As it turns out, Malkovich disappears into the part. Unfortunately, so does Poirot. Christie’s charming, cuddly Belgian is unrecognizable in this aging, lumbering sad-sack. The once-great gumshoe has long since been reduced to hosting murder-mystery parties for rich dilletantes. His old amis on the police force have either retired or keeled over. Even his trademark flamboyant facial hair is sullied by cheap dye. Christie’s Poirot always enjoyed the finer things in life; his fastidious Continental tastes and mannerisms distinguished him in his adopted homeland. But this Poirot doesn’t seem to enjoy much of anything. He’s a world-weary Raymond Chandler shamus rather than an impish pot-stirrer. In fact, casting the reliably weird Malkovich as this dour, haunted has-been must have seemed like a no-brainer.

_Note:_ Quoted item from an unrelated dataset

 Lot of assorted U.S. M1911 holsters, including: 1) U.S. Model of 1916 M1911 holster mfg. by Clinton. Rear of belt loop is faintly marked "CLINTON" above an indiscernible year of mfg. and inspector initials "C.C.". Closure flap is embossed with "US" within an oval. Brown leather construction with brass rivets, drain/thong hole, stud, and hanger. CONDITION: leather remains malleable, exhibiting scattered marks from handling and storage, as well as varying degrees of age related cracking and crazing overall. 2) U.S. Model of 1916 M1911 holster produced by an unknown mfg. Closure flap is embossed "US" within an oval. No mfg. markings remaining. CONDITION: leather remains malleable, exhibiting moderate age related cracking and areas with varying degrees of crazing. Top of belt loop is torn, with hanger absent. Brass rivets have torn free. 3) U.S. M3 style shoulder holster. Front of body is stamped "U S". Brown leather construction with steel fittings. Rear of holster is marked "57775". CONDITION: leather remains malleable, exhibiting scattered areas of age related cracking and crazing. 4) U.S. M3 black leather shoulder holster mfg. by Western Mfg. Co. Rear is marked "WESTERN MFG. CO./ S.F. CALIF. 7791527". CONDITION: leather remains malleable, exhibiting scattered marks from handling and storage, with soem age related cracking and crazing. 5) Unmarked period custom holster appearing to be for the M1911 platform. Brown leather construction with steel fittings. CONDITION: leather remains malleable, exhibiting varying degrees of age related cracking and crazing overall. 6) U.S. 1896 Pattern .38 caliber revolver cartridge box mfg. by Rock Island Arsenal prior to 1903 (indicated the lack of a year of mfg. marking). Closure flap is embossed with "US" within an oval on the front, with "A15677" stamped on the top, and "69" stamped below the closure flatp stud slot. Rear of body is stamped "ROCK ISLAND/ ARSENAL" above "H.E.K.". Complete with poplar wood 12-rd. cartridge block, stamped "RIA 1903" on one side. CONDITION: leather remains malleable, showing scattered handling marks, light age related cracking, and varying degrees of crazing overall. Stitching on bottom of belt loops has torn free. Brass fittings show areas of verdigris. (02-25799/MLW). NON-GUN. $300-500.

When a newspaper headline laments the “new and cruel age,” Poirot sighs: “Such vapid nostalgia for the gentle past. Cruelty is not new.” It’s a fitting sentiment for a historical drama that refuses to romanticize history, however much we viewers might want to escape the cruel present. Indeed, it seems to have been the guiding mantra for the filmmakers, who were also responsible for recent reboots of Christie’s And Then There Were None and Ordeal By Innocence that pushed past the chocolate-box prettiness often accorded the author to lay bare her heart of darkness. But those adaptations had visual flair and acerbic wit. The ABC Murders plods relentlessly and grimly, like its protagonist. Surely, there’s a happy medium between vapid nostalgia and the gritty realism of, say, The Wire.

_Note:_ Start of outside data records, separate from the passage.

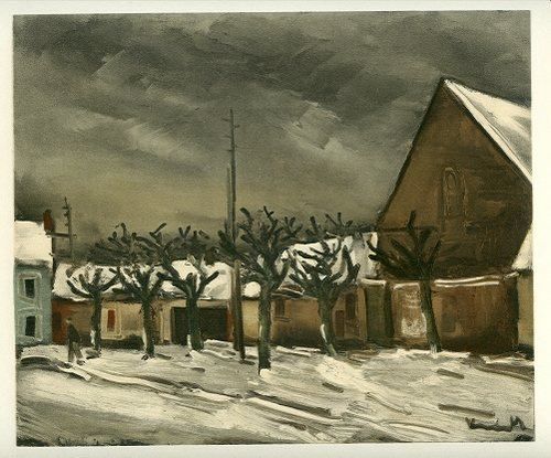 Vlaminck Lithograph "Lime Trees Under Snow" - Lithograph. This Lithograph Was Pulled In Paris In 1958 By The Legendary Mourlot Atelier, And Published By Andre Sauret. A Nice Impression, As Can Be Expected Of Mourlot. Size: 12 1/4 X 9 1/2 Inches- Professionally Framed & Matted - Comes With Certificate - -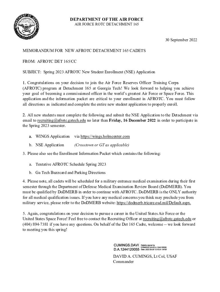 DEPARTMENT OF THE AIR FORCE ROTC DETACHMENT 16530 September 2022 MEMORANDUM FOR NEW AF ROTC DETACHMENT 165 CADETS FROM: AF ROTC DET 165/CC SUBJECT: Spring 2023 AF ROTC New Student Enrollment (USE)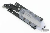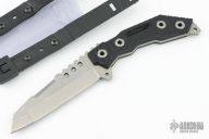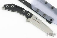This QTR-7 by Quartermaster Knives features a stonewashed blade with notched thumbrest, .197" blade stock and 1.492" blade depth, full tang construction. The handle has black G-10 scales. Comes with a clear kydex sheath, original box and papers. Excellent condition. #272 of 300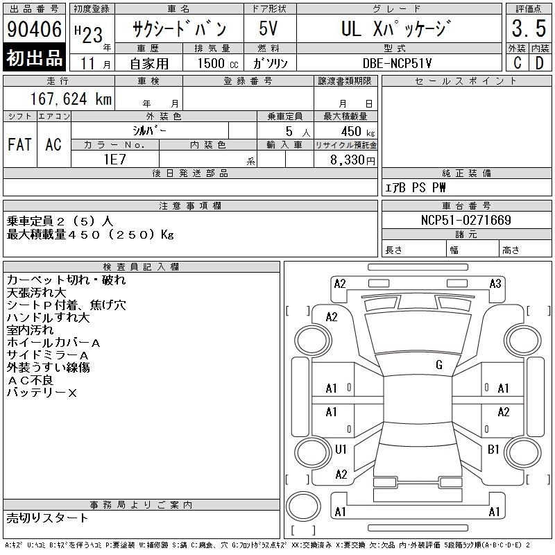 Год выпуска2011 Пробег 168 000 км КузовNCP51V КомплектацияUL X PACKAGE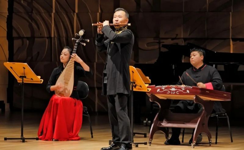 在墨尔本演奏中心,民族器乐重奏《红高粱》奏响了抗战岁月中的悲壮与激情,《嘉陵江上》《黄河颂》《追寻》等作品唤起观众跨越时代的情感共鸣。辽宁省副省长单义、澳大利亚维多利亚州上议院前议长布鲁斯·诺曼·阿特金森(Bruce Norman Atkinson)、中国驻墨尔本总领馆总领事房新文与各界人士近千人观看演出。

A Particularly Corny Serial Killer

It’s an odd disconnect for this especially contrived and tidy Christie tale, concerning a serial killer who picks his victims according to the alphabet: Alice Ascher in Andover, Betty Barnard in Bexhill, and so on. He leaves railway guides open to the pages corresponding to the letter next to the bodies, just in case the theme wasn’t already explicitly clear, and literally telegraphs his murderous intentions to Poirot in advance. Much of the plot concerns Poirot’s attempts to convince a snarling, Brylcreemed young police inspector (Harry Potter’s Rupert Grint) to take the case—and the washed-up detective himself—seriously.
All the evidence points to a traveling salesman (Eamon Farren) with the initials A.B.C., a penchant for conveniently timed epileptic blackouts, and kinks kinky enough to shock even his landlady’s daughter, whom she rents out along with her dingy rooms. His guilt is so patently obvious (to the viewer, anyhow) that it’s clear from the get-go that it can’t possibly be him. But it’s hard to care about who the real killer is when the victims are uniformly unsympathetic. The story introduces the actual villain much too late to generate any suspense.
Nevertheless, you can see why this particular Christie novel must have seemed ripe for repackaging for the Brexit generation. She published it in 1936. It contains a timely undercurrent of rising fascism and immigrant-bashing that Poirot—who came to England as a World War I refugee in the novels—can’t help taking personally. “It’s not you,” a snooty neighbor reassures him when he side-eyes the British Union of Fascists pin on her lapel. “It’s the others—the ones that breed like flies.” Then as now, only certain immigrants were undesirable, even though the white men commit the most heinous crimes. As if to explain Poirot’s surliness, the series invents a secret scandal and a tragic backstory, complete with flashbacks to the German invasion of Belgium. It’s an unnecessary flourish; the past is never gentle. It’s not even past.